When the 191st General Court is sworn in on Wednesday, Jan. 2, 2019, senators will take their oath in a newly restored chamber that attempts to maintain the historic character of the space while incorporating new technology and making it more accessible.
Once completed, the chamber will feature a new handicap-accessible rostrum, accessible desks for senators, a new ventilation system, all new lighting, improved acoustics, better sight lines from the public galleries and historically-accurate finishes, the architect working on the project said Thursday.
“This is clearly an aging facility, as I said; it is over 200 years old and it’s undergone many, many renovations over the years,” Christos Coios of CBT Architects told reporters during a walk-through of the chamber. “It suffers from very poor environmental systems, it does not have an efficient heating, ventilating and air conditioning system … it has very poor temperature control, it’s either too hot or too cold, and the material conditions are deteriorated.”
The Senate chamber sits in the part of the building designed by Charles Bulfinch and completed in 1798. Most of the chamber – which originally held the House of Representatives until that branch moved to its larger quarters down the hall in 1898 – has been changed from the original design, but its sunburst ceiling remains the same.
The chamber is expected to retain many of its features after the restoration – including the horseshoe shape of the senators’ desks and general configuration of the room – and much of the work will take place behind the walls of the chamber.
In the final minutes of the Senate’s final session in its chamber before making way for the renovations last month, a loud bang that seemed to come from above echoed throughout the chamber and a staffer who looked up upon hearing the bang was struck in the eye with small debris.

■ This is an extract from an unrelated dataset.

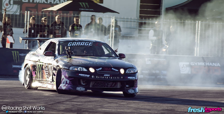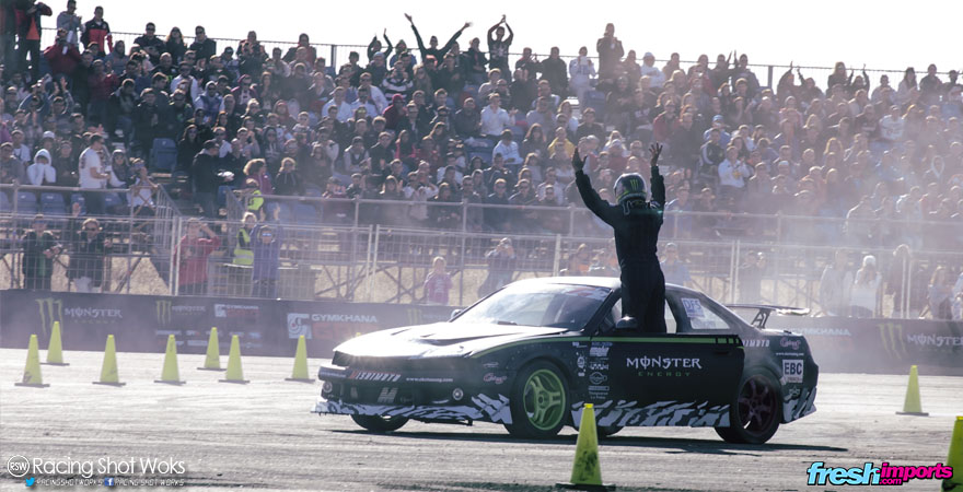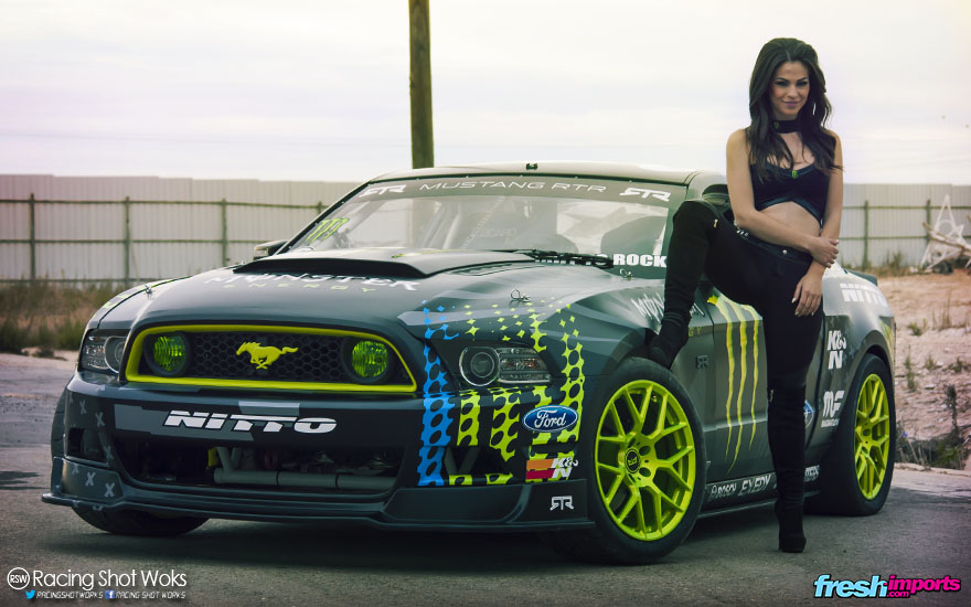 Vaughn Gittin Jr. arrancó su Mustang y lo postró frente a todos. Mientras los fotógrafos trataban se sacar su mejor fotografía las hermosas chicas de Monster se exhibían frente a él.

He was not seriously injured.
Lawmakers authorized $20 million in 2014 to renovate the Senate chamber and facilities, after Senate officials highlighted structural issues including falling ceiling pieces, cracking in major cornices, columns leaning in and away from the original structure, and deterioration of lower decorative walls.
The total project cost is estimated at $22.6 million and Colantonio of Holliston was awarded a $14.1 million contract for the construction work, according to the Senate president’s office.
Work crews will take on the project as lawmakers and Gov. Charlie Baker struggle with state budget problems stemming from low growth in tax revenues and major increases in health care spending. Democrats in the Legislature have joined activists in pressing for a $2 billion tax package on high earners.
The Senate will hold its sessions in the just-renovated Gardner Auditorium as work is underway in the chamber, and the project is projected to be completed by January 2019.
The large chandelier that hangs from the chamber’s domed ceiling will be removed, restored and re-lamped using LED lights and bulbs pointed up into the dome so the light bounces off the dome, mimicking the natural lighting of the chamber’s original design, he said.
And the lower decorative walls that line the chamber – which are made up of about 1,500 individual wood blocks – will be dismantled, individually numbered, stripped of the 20 to 25 coats of paint they have accumulated over the years, repainted and replaced to their exact locations.
The goal of the project, Coios and Rosenberg said in a statement, is to make the Senate chamber safer and more comfortable, and add modern technology where possible without sacrificing the historic character of the space.